* What the task requires *
Nothing but a verbatim copy of the data, minus the images, should be returned.

[Input for this task]

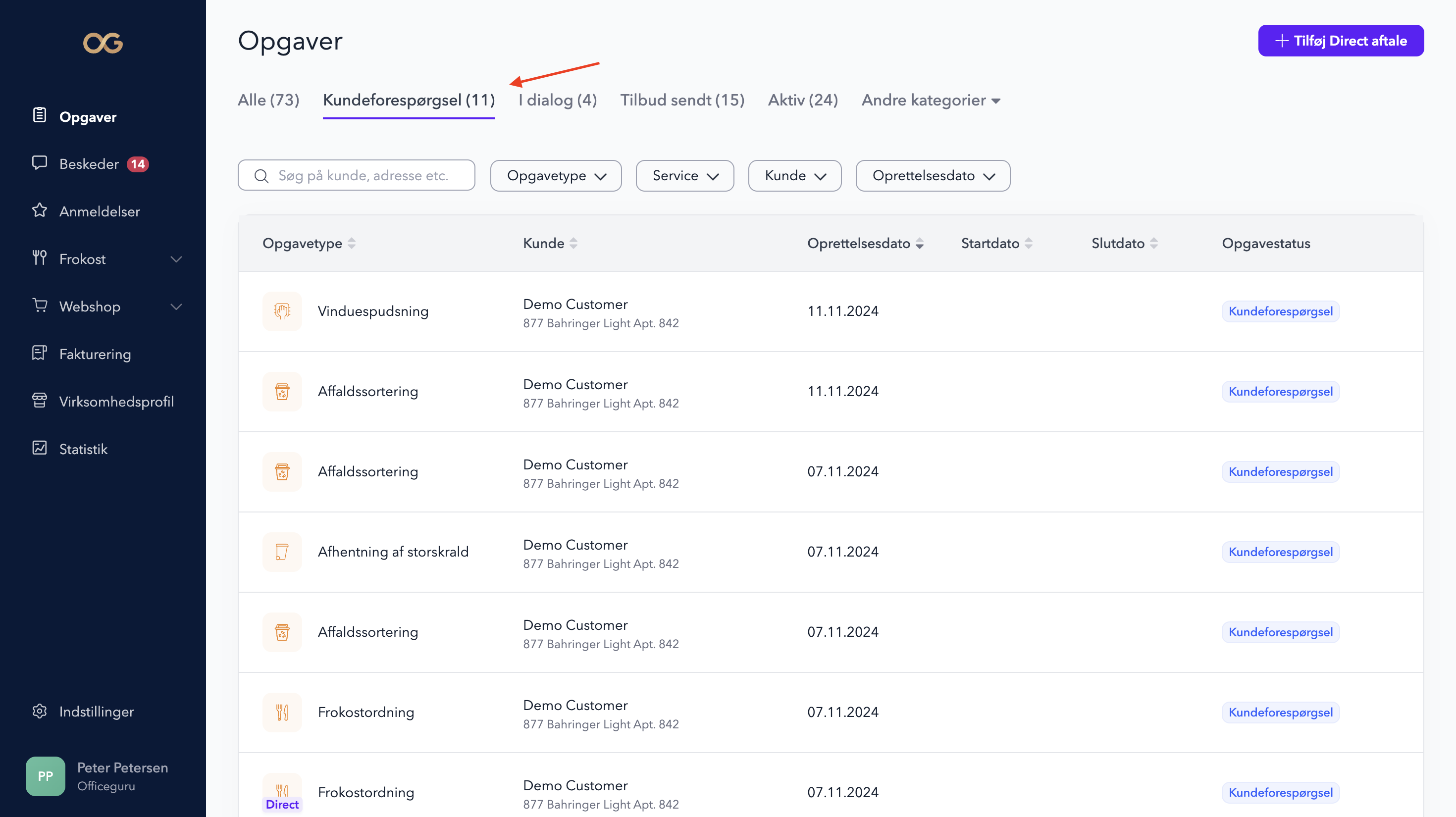Er du i tvivl om hvor du finder kundeforespørgsel kan du følge de her trin: Gå til menuen Opgaver -> klik Kundeforspørgsler -> vælg den opgave, du ønsker at afgive tilbud på -> klik Opret tilbud.
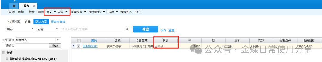 3.重算完成后保存報表,并將報表【提交】、【審核】,審核后報表的狀態(tài)從“在制”變?yōu)椤耙褜徍恕保?/span>
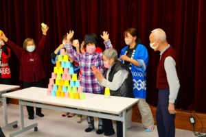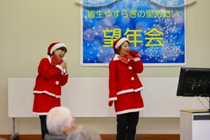 この日は望年会を行いました。今年の出来事にまつわるクイズやゲーム、演芸披露などで楽しんでいただきました。
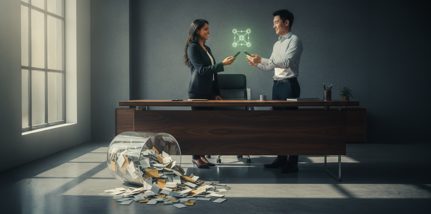 Replacing printed business cards is not solely a technology problem. Digital and NFC business card with analytics and tracking already exist and clearly outperform paper in speed, value, cost reduction, and sustainability. The real challenge is change management.
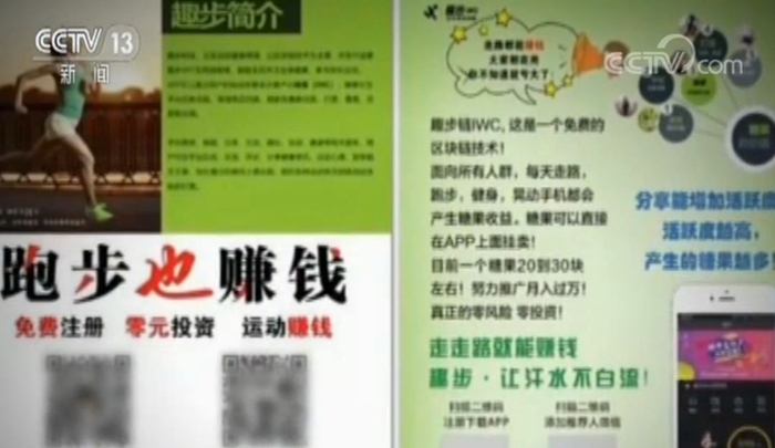 今年9月,趣步公司涉嫌网络传销、非法集资及金融诈骗被立案调查。他们打着“区块链+运动大数据”的概念,声称用户只要走路和跑步,就能获得“糖果”作为奖励。“糖果”可以换购商品甚至提取现金,用户只要每天走够三、四千步,每月就能至少赚200元,上不封顶。而推广趣步,投资者还能赚到更多的钱。
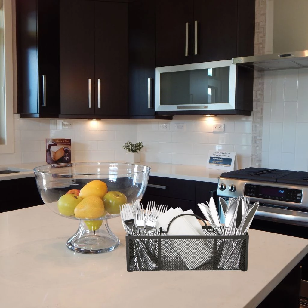 - Mesh cutlery caddy color: Black
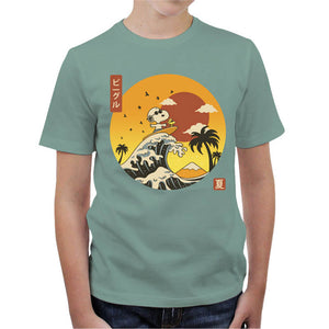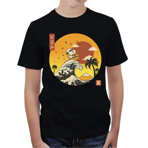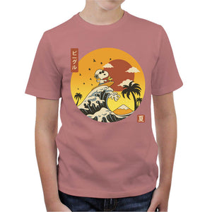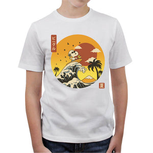 Ce t-shirt unique met en scène Snoopy et son fidèle ami Charlie Brown, surfant ensemble sur la célèbre Vague de Kanagawa, dans un style cartoon amusant et coloré. Inspiré de l'iconique estampe japonaise, ce design revisite l'art traditionnel avec une touche de pop culture, rendant hommage à l'amitié et à l'esprit d'aventure. Avec des couleurs vives et un graphisme accrocheur, ce t-shirt capture l'énergie joyeuse d'une journée à la plage, avec une bonne dose d'humour et de nostalgie. Idéal pour les fans de Snoopy, des Peanuts, et de l'art japonais revisité de façon ludique.
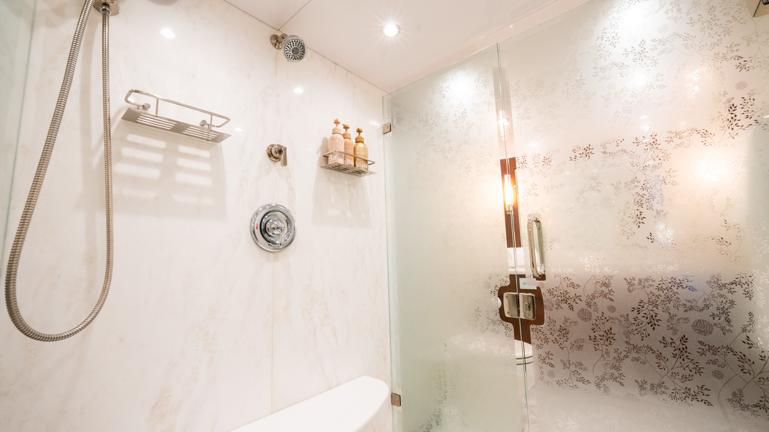 Full-beam Master King Stateroom located below deck with private staircase, walk-in closet, and spacious en suite featuring a rain shower and Jack-and-Jill design with frosted glass.
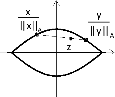 Olkoon \(x,y \in \mathbb{R}^3\). Määritellään \(z\) seuraavasti: \[\begin{aligned} z&=\frac{x+y}{\lVert x \rVert_A + \lVert y \rVert_A}\\ &= \frac{\lVert x \rVert_A}{\lVert x \rVert_A + \lVert y \rVert_A} \cdot \frac{x}{\lVert x \rVert_A} + \frac{\lVert y \rVert_A}{\lVert x \rVert_A + \lVert y \rVert_A} \cdot \frac{y}{\lVert y \rVert_A}. \end{aligned}\] Nyt \(\frac{x}{\lVert x \rVert_A}\) ja \(\frac{y}{\lVert y \rVert_A}\) ovat joukon \(A\) reunalla, ja \(z\) on painotettu keskiarvo näistä pisteistä. Piste \(z\) siis sijaitsee näitä pisteitä yhdistävällä janalla, ja koska \(A\) on konveksi, \(z\) sijaitsee siis joukossa \(A\). (Katso kuva 10.) Jos siis valitaan \(k\) niin, että \(kz\) on joukon \(A\) reunalla, \(k \ge 1\), ja siis \(\lVert z \rVert_A \le 1\).

[/Input for this task]

* Answer *
Er du i tvivl om hvor du finder kundeforespørgsel kan du følge de her trin: Gå til menuen Opgaver -> klik Kundeforspørgsler -> vælg den opgave, du ønsker at afgive tilbud på -> klik Opret tilbud.
 3.重算完成后保存報表,并將報表【提交】、【審核】,審核后報表的狀態(tài)從“在制”變?yōu)椤耙褜徍恕保?/span>
 この日は望年会を行いました。今年の出来事にまつわるクイズやゲーム、演芸披露などで楽しんでいただきました。
 Replacing printed business cards is not solely a technology problem. Digital and NFC business card with analytics and tracking already exist and clearly outperform paper in speed, value, cost reduction, and sustainability. The real challenge is change management.
 今年9月,趣步公司涉嫌网络传销、非法集资及金融诈骗被立案调查。他们打着“区块链+运动大数据”的概念,声称用户只要走路和跑步,就能获得“糖果”作为奖励。“糖果”可以换购商品甚至提取现金,用户只要每天走够三、四千步,每月就能至少赚200元,上不封顶。而推广趣步,投资者还能赚到更多的钱。
 - Mesh cutlery caddy color: Black
 Ce t-shirt unique met en scène Snoopy et son fidèle ami Charlie Brown, surfant ensemble sur la célèbre Vague de Kanagawa, dans un style cartoon amusant et coloré. Inspiré de l'iconique estampe japonaise, ce design revisite l'art traditionnel avec une touche de pop culture, rendant hommage à l'amitié et à l'esprit d'aventure. Avec des couleurs vives et un graphisme accrocheur, ce t-shirt capture l'énergie joyeuse d'une journée à la plage, avec une bonne dose d'humour et de nostalgie. Idéal pour les fans de Snoopy, des Peanuts, et de l'art japonais revisité de façon ludique.
 Full-beam Master King Stateroom located below deck with private staircase, walk-in closet, and spacious en suite featuring a rain shower and Jack-and-Jill design with frosted glass.
 Olkoon \(x,y \in \mathbb{R}^3\). Määritellään \(z\) seuraavasti: \[\begin{aligned} z&=\frac{x+y}{\lVert x \rVert_A + \lVert y \rVert_A}\\ &= \frac{\lVert x \rVert_A}{\lVert x \rVert_A + \lVert y \rVert_A} \cdot \frac{x}{\lVert x \rVert_A} + \frac{\lVert y \rVert_A}{\lVert x \rVert_A + \lVert y \rVert_A} \cdot \frac{y}{\lVert y \rVert_A}. \end{aligned}\] Nyt \(\frac{x}{\lVert x \rVert_A}\) ja \(\frac{y}{\lVert y \rVert_A}\) ovat joukon \(A\) reunalla, ja \(z\) on painotettu keskiarvo näistä pisteistä. Piste \(z\) siis sijaitsee näitä pisteitä yhdistävällä janalla, ja koska \(A\) on konveksi, \(z\) sijaitsee siis joukossa \(A\). (Katso kuva 10.) Jos siis valitaan \(k\) niin, että \(kz\) on joukon \(A\) reunalla, \(k \ge 1\), ja siis \(\lVert z \rVert_A \le 1\).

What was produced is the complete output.